Jazz

Melodic Soloing

taken from:

https://www.davepollack.com/free-masterclass?cid=a49bdb22-4f6a-4b13-ab8c-6ec02b62f142

best way to create melodic solos

voice-leading through changes

melodic means creating a melody over changes (sounds obvious, but many people don’t think how to connect the changes)

to internalize the melody, listen to many different versions of song you’re working on; then learn melody by ear;

for improv, start with melody just changing a few little things like the rhythm of it, it’s a great starting point for improv because already have a melody that works & yet you’re improvising

next, write own melody over chord changes (contrafact), how to do this:

voice-leading is how melody connects from chord to chord; so many people play vertically on each chord without connecting them; it doesn’t sound cohesive. improv happens “at the bar line.” transitions form chord to chord is most important. esp. beat 4 (current chord) to beat 1 (new chord)

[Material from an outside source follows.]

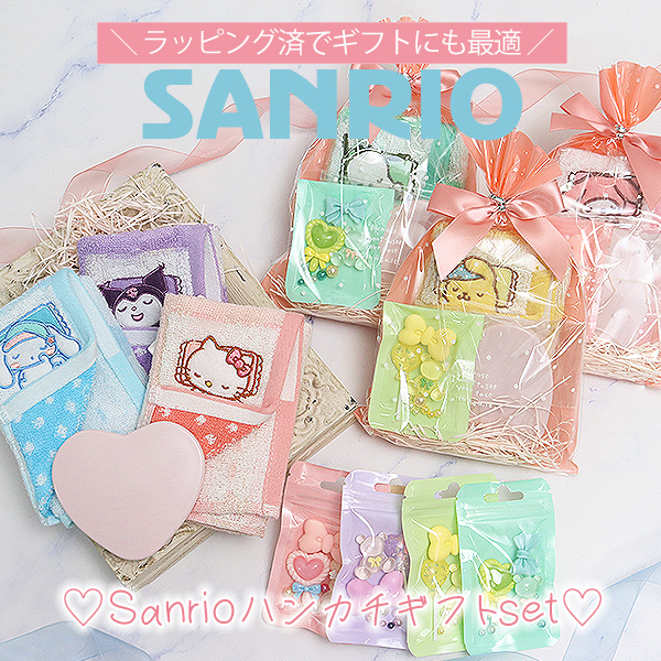 サンリオ タオルハンカチ デコ パーツ コンパクトミラー ギフト ハートプレゼント 誕生日 贈り物 お祝い かわいい ギフト 女性 女の子

neighbor / leading tones (just below or above landing tone)

enclosure – below then above (or vice versa) then landing tone

landing tones – chord tones

all the things you are – melody is already 3rds

how can lead into those?

a) lower neighbor (diatonic) (on beat 4) to 3rd (on beat one)

b) upper neighbor

c) 2 lower neighbors (diatonic; can use chromatics but not as stable or strong and isn’t best place to start for teaching) (ex: 8th notes on 4 and & of 4)

d) 2 upper neighbors

e) enclosure – lower then upper neighbor

f) enclosure – upper then lower

many variations on all this – can add and take away and combine them

how to fill in rest of bar

what you play between the chords matters more than what you play during the measures – voice leading is everything

(page 3)

1. play diatonically

two lower neighbors

two upper neighbors – scale up to it or skip up to it; alter rhythms etc.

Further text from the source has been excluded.